**TASK PROMPT**
Set down, exactly and only, everything from the line containing "Fig. 47: Set-up" down to the line containing "Rękawice ochronne wzmacniane" in the data below; the pictures are not part of the copy.

**EXTRACTED RECORDS**
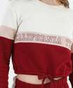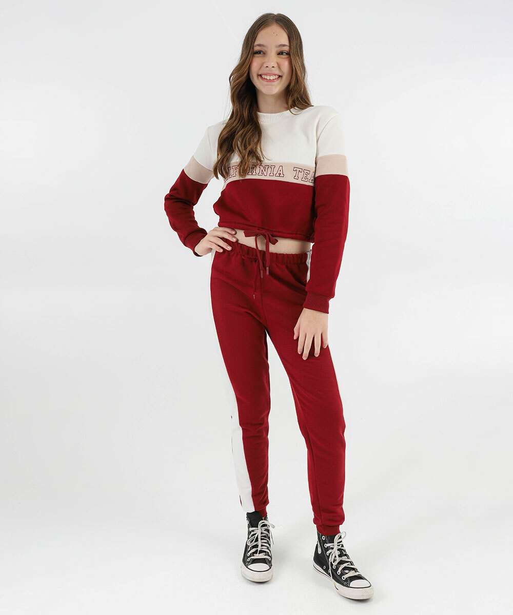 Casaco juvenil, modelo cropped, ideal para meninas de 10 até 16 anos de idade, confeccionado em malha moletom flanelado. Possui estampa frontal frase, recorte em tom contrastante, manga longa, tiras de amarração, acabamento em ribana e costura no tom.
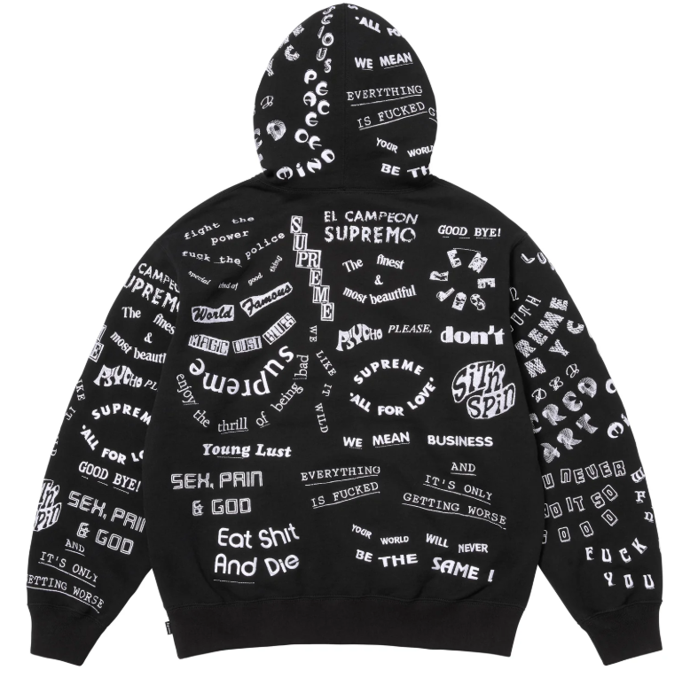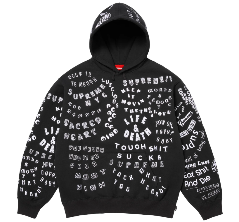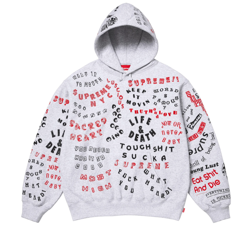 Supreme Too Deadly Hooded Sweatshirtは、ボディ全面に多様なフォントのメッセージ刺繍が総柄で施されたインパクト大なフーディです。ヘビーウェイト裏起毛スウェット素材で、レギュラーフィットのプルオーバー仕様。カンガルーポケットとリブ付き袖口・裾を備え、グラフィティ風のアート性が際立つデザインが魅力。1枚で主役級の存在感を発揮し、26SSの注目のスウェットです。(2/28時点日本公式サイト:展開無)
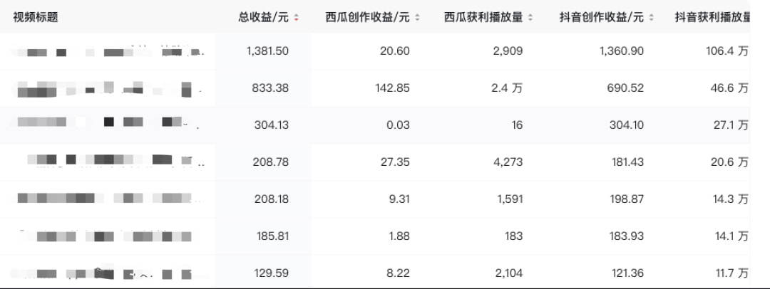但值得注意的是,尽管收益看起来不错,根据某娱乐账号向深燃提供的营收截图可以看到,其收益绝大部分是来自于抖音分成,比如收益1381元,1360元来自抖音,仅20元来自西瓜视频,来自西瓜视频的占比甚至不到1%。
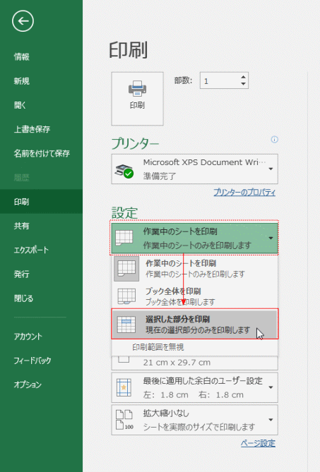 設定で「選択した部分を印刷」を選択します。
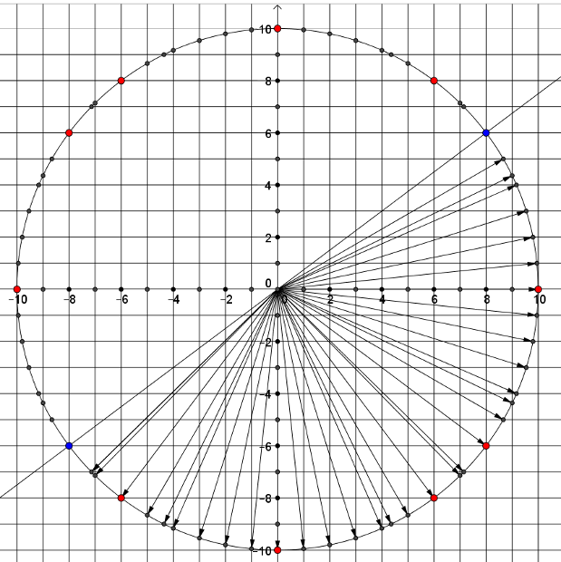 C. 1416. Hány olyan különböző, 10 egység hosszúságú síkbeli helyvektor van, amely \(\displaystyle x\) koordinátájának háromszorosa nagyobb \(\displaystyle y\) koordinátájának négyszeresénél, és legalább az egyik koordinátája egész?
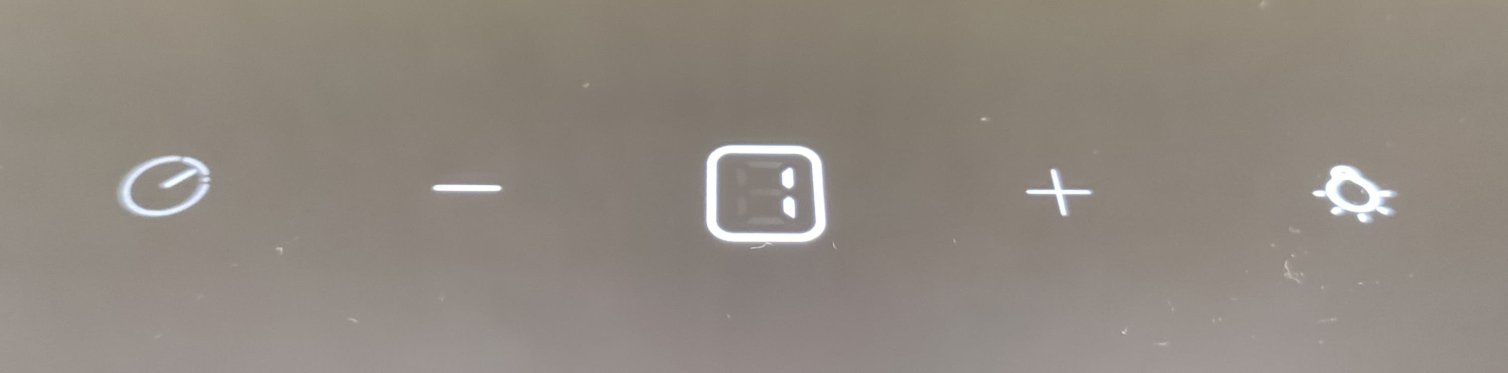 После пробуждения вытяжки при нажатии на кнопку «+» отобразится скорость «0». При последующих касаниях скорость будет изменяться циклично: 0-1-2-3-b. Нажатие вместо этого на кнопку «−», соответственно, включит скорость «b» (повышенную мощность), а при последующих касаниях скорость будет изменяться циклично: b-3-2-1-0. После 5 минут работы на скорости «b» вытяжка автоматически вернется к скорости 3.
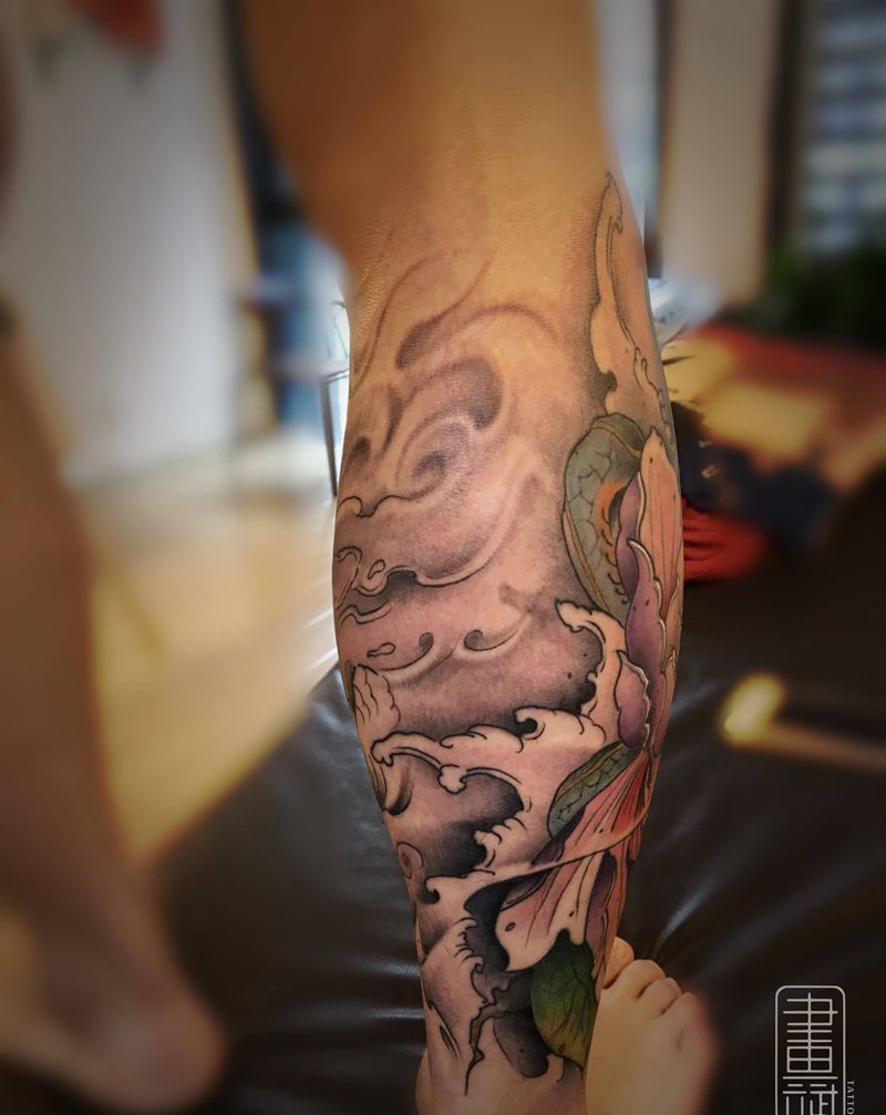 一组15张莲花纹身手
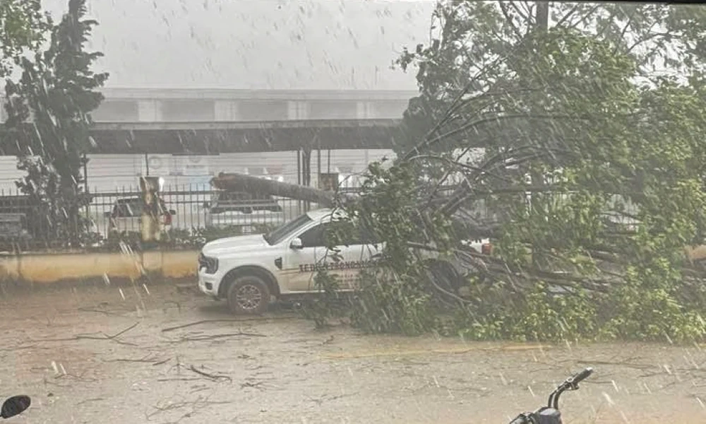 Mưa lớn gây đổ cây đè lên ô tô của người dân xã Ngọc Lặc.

==

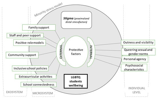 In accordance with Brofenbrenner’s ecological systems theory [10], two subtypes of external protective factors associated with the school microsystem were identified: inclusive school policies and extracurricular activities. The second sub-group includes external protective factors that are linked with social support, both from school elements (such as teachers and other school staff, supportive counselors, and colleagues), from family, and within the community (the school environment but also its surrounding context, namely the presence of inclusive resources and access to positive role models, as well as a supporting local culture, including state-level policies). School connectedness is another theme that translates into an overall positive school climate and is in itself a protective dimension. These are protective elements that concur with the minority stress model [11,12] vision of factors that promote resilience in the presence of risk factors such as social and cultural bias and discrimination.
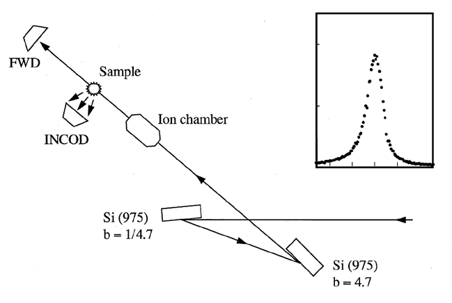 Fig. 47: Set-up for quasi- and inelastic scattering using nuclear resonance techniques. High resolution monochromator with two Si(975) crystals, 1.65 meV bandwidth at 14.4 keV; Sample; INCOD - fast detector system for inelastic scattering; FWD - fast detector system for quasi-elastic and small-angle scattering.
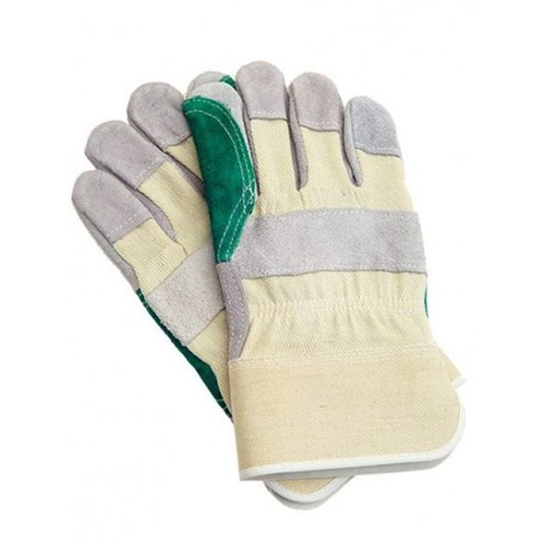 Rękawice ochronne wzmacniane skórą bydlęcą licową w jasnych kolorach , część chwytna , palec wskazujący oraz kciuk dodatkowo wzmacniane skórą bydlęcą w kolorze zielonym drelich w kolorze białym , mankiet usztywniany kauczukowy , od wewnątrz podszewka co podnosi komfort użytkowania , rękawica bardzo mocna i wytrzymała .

==

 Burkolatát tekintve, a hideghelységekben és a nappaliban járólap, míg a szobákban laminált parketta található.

**EXERCISE RESULT**
 Fig. 47: Set-up for quasi- and inelastic scattering using nuclear resonance techniques. High resolution monochromator with two Si(975) crystals, 1.65 meV bandwidth at 14.4 keV; Sample; INCOD - fast detector system for inelastic scattering; FWD - fast detector system for quasi-elastic and small-angle scattering.
 Rękawice ochronne wzmacniane skórą bydlęcą licową w jasnych kolorach , część chwytna , palec wskazujący oraz kciuk dodatkowo wzmacniane skórą bydlęcą w kolorze zielonym drelich w kolorze białym , mankiet usztywniany kauczukowy , od wewnątrz podszewka co podnosi komfort użytkowania , rękawica bardzo mocna i wytrzymała .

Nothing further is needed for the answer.